Francesca Lovat et al. Proc Natl Acad Sci U S A. .

Abstract

The central role of the microRNA (miR) 15a/16-1 cluster in B-cell oncogenesis has been extensively demonstrated, with over two-thirds of B-cell chronic lymphocytic leukemia characterized by the deletion of the miR-15a/16-1 locus at 13q14. Despite the well-established understanding of the molecular mechanisms occurring during miR-15a/16-1 dysregulation, the oncogenic role of other miR-15/16 family members, such as the miR-15b/16-2 cluster (3q25), is still far from being elucidated. Whereas miR-15a is highly similar to miR-15b, miR-16-1 is identical to miR-16-2; thus, it could be speculated that both clusters control a similar set of target genes and may have overlapping functions. However, the biological role of miR-15b/16-2 is still controversial. We generated miR-15b/16-2 knockout mice to better understand the cluster's role in vivo. These mice developed B-cell malignancy by age 15-18 mo with a penetrance of 60%. At this stage, mice showed significantly enlarged spleens with abnormal B cell-derived white pulp enlargement.

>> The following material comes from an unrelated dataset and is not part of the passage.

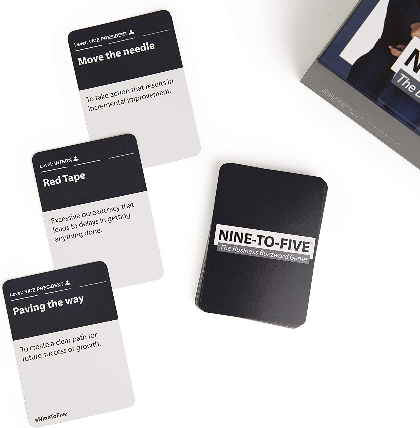 „Nine-to-Five“ yra „What Do You Meme“ kūrėjų sukurtas biuro kortų žaidimas, kuriame jūs konkuruojate su bendradarbiais, kad sužinotumėte, kas per dieną gali naudoti daugiausiai populiariausių verslo frazių.

Flow cytometric analysis demonstrated an expanded CD19+ CD5+ population in the spleen of 40% knockout mice, a characteristic of the chronic lymphocytic leukemia-associated phenotype found in humans. Of note, miR-15b/16-2 modulates the CCND2 (Cyclin D2), CCND1 (Cyclin D1), and IGF1R (insulin-like growth factor 1 receptor) genes involved in proliferation and antiapoptotic pathways in mouse B cells. These results are the first, to our knowledge, to suggest an important role of miR-15b/16-2 loss in the pathogenesis of B-cell chronic lymphocytic leukemia.

Keywords: B cells; chronic lymphocytic leukemia; miR-15b; miRNAs; murine models.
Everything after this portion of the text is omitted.